> **WORK INSTRUCTION**
Output every line of the material exactly, omitting images.

> **DATA BELOW**
——
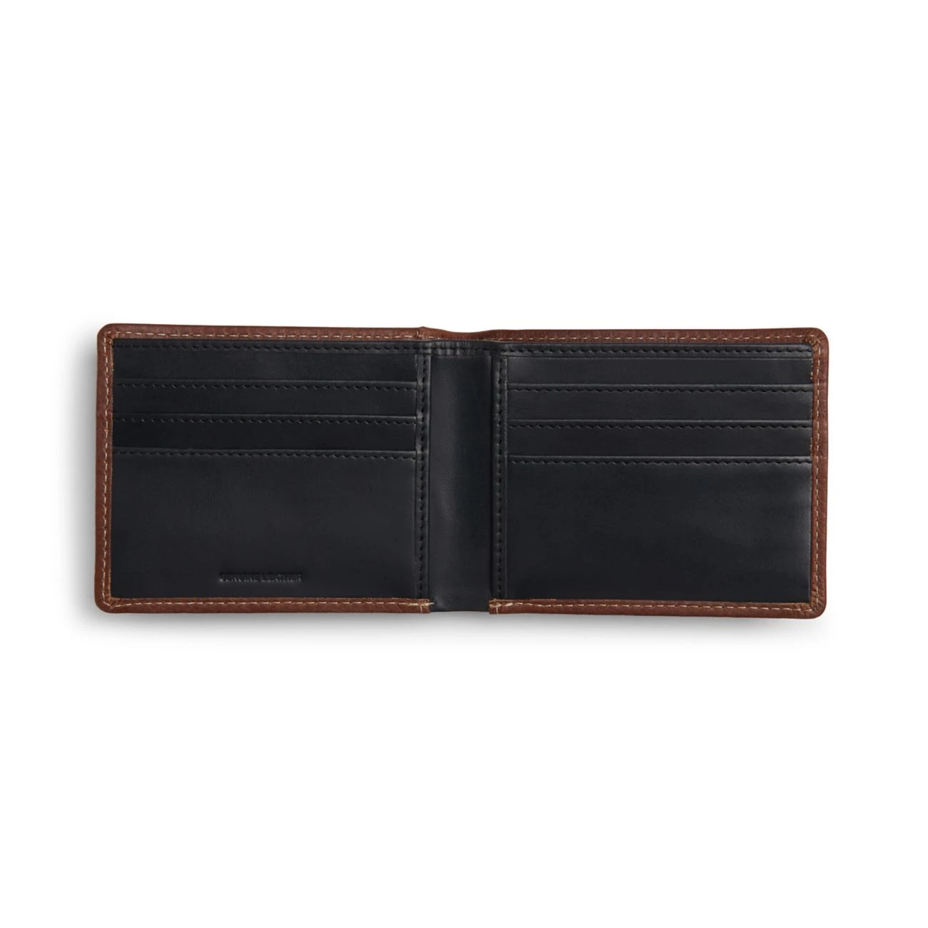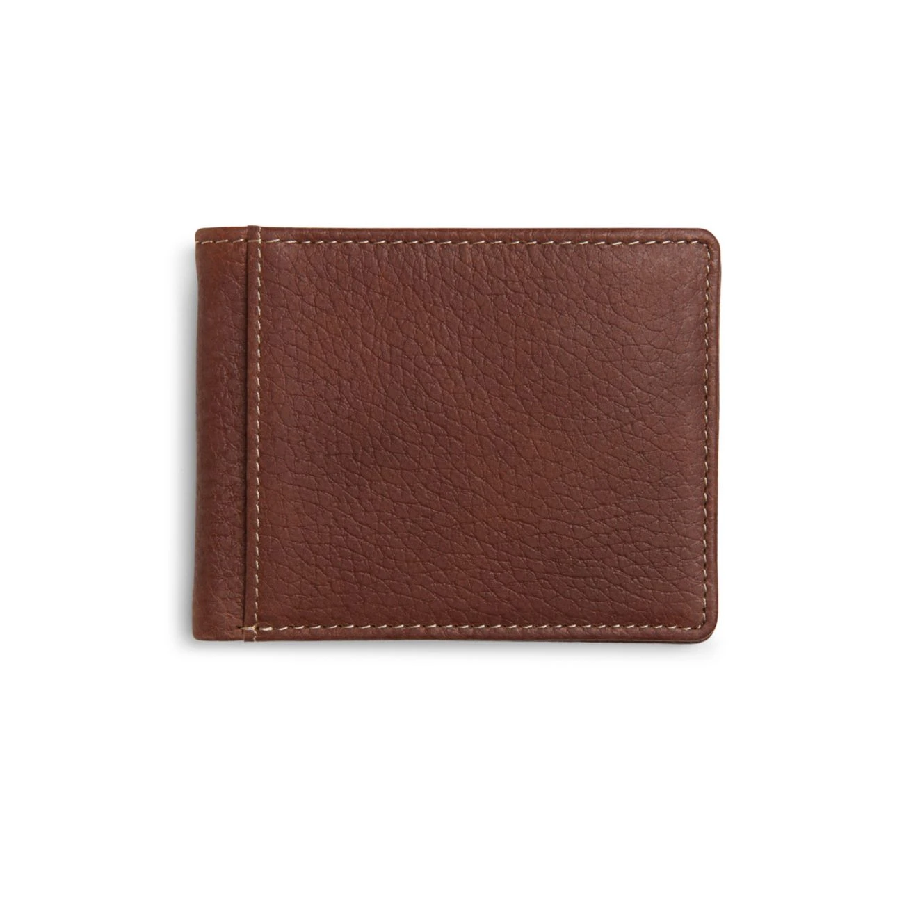 Made from rich natural grain leather in cognac, this folding wallet with an outside slot for cards is perfect for carrying your cards and IDs.
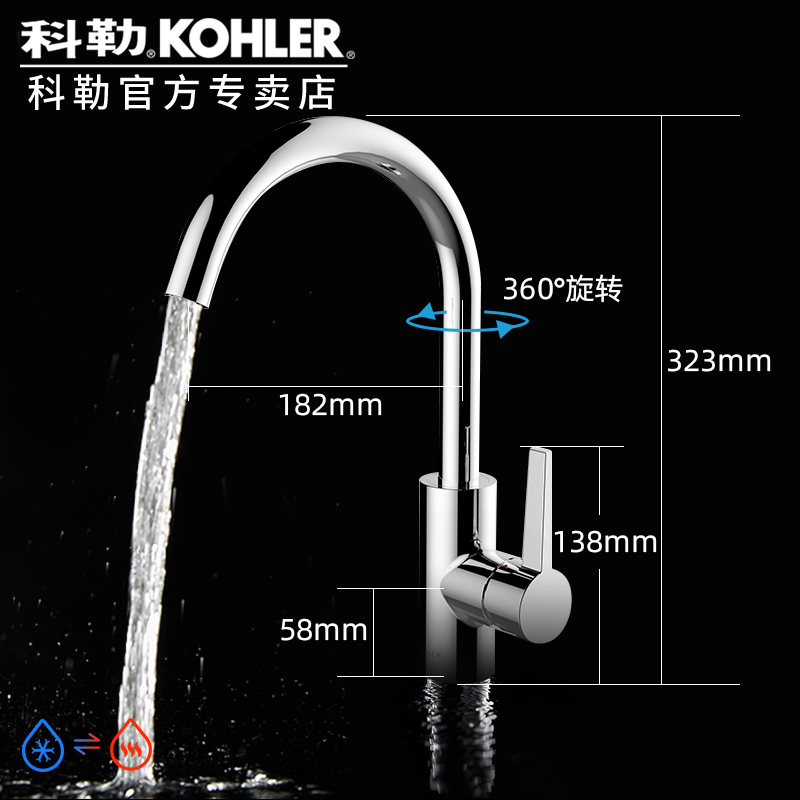 Kohler tap kitchen sink pull-out washing vegetable basin tap dishwashing pool kitchen basin hot and cold taps K-21366T
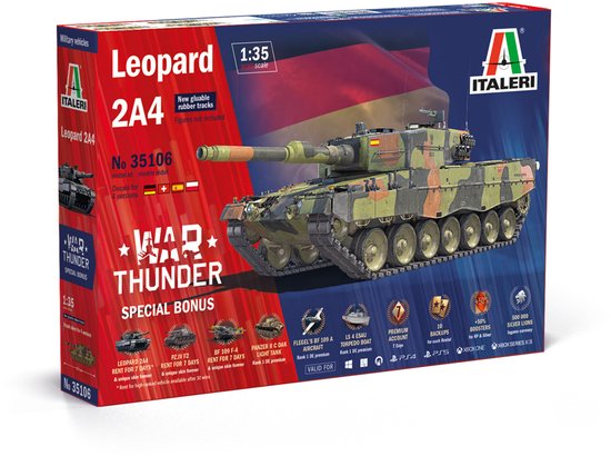 Pour des références sur les couleurs suggérées, veuillez consulter les images des profils ou visitez le site Italeri. Border MODEL - Maquette Char Leopard 2a6 ukraine |border Model|bt-031| 1:35 Le Leopard 2 a également obtenu un bon succès commercial dans de nombreux pays tels que la Hollande, la Turquie, l'Autriche, la Grèce et bien d'autres. Maquette Char Leopard 2 A4 Italeri 35106 Leopard 2 A4 - War Thunder, Kit De Montage En Kits De Modélisme Notice de montage en couleur Colle et couleurs non incluses. Longueur modèle monté 24,1 cm. Les meilleures offres pour Italeri 35106 Leopard 2 A4 War Thunder Kit De Modélisme En Plastique 1:35 NEUF sont sur Comparez les prix et les spécificités des produits neufs et d 'occasion Pleins d 'articles en livraison gratuite Colle et couleurs non incluses, vous permettent de choisir librement les peintures pour une personnalisation fidèle à la réalité historique. Depuis les premières versions, le Leopard 2 a été constamment amélioré et mis à jour. Ce kit détaillé à l’échelle 1/35 permet de recréer fidèlement ce char emblématique. Il inclut également des bonus exclusifs pour le jeu en ligne War Thunder, idéal pour les passionnés de modélisme et de combats blindés virtuels Entré en service entre la fin des années 70 et le début des années 80, le Léopard 2 est considéré comme l'un des meilleurs moyens blindés du monde. Boîte War Thunder (vidéo game) comprend des codes de bonus Nouveaux décals. Parmi les versions les plus répandues, l'A4 se caractérise par l'adoption de systèmes de tir évolués et pour le blindage actualisé avec des matériaux modernes capables de garantir le plus haut niveau de protection. Modèle en plastique à assembler., Fabriqué en Italie. Comprend des super autocollants pour 5 versions, offrant des options de personnalisation avec des marquages réalistes de l'Allemagne moderne
——
> **REPLY**
 Made from rich natural grain leather in cognac, this folding wallet with an outside slot for cards is perfect for carrying your cards and IDs.
 Kohler tap kitchen sink pull-out washing vegetable basin tap dishwashing pool kitchen basin hot and cold taps K-21366T
 Pour des références sur les couleurs suggérées, veuillez consulter les images des profils ou visitez le site Italeri. Border MODEL - Maquette Char Leopard 2a6 ukraine |border Model|bt-031| 1:35 Le Leopard 2 a également obtenu un bon succès commercial dans de nombreux pays tels que la Hollande, la Turquie, l'Autriche, la Grèce et bien d'autres. Maquette Char Leopard 2 A4 Italeri 35106 Leopard 2 A4 - War Thunder, Kit De Montage En Kits De Modélisme Notice de montage en couleur Colle et couleurs non incluses. Longueur modèle monté 24,1 cm. Les meilleures offres pour Italeri 35106 Leopard 2 A4 War Thunder Kit De Modélisme En Plastique 1:35 NEUF sont sur Comparez les prix et les spécificités des produits neufs et d 'occasion Pleins d 'articles en livraison gratuite Colle et couleurs non incluses, vous permettent de choisir librement les peintures pour une personnalisation fidèle à la réalité historique. Depuis les premières versions, le Leopard 2 a été constamment amélioré et mis à jour. Ce kit détaillé à l’échelle 1/35 permet de recréer fidèlement ce char emblématique. Il inclut également des bonus exclusifs pour le jeu en ligne War Thunder, idéal pour les passionnés de modélisme et de combats blindés virtuels Entré en service entre la fin des années 70 et le début des années 80, le Léopard 2 est considéré comme l'un des meilleurs moyens blindés du monde. Boîte War Thunder (vidéo game) comprend des codes de bonus Nouveaux décals. Parmi les versions les plus répandues, l'A4 se caractérise par l'adoption de systèmes de tir évolués et pour le blindage actualisé avec des matériaux modernes capables de garantir le plus haut niveau de protection. Modèle en plastique à assembler., Fabriqué en Italie. Comprend des super autocollants pour 5 versions, offrant des options de personnalisation avec des marquages réalistes de l'Allemagne moderne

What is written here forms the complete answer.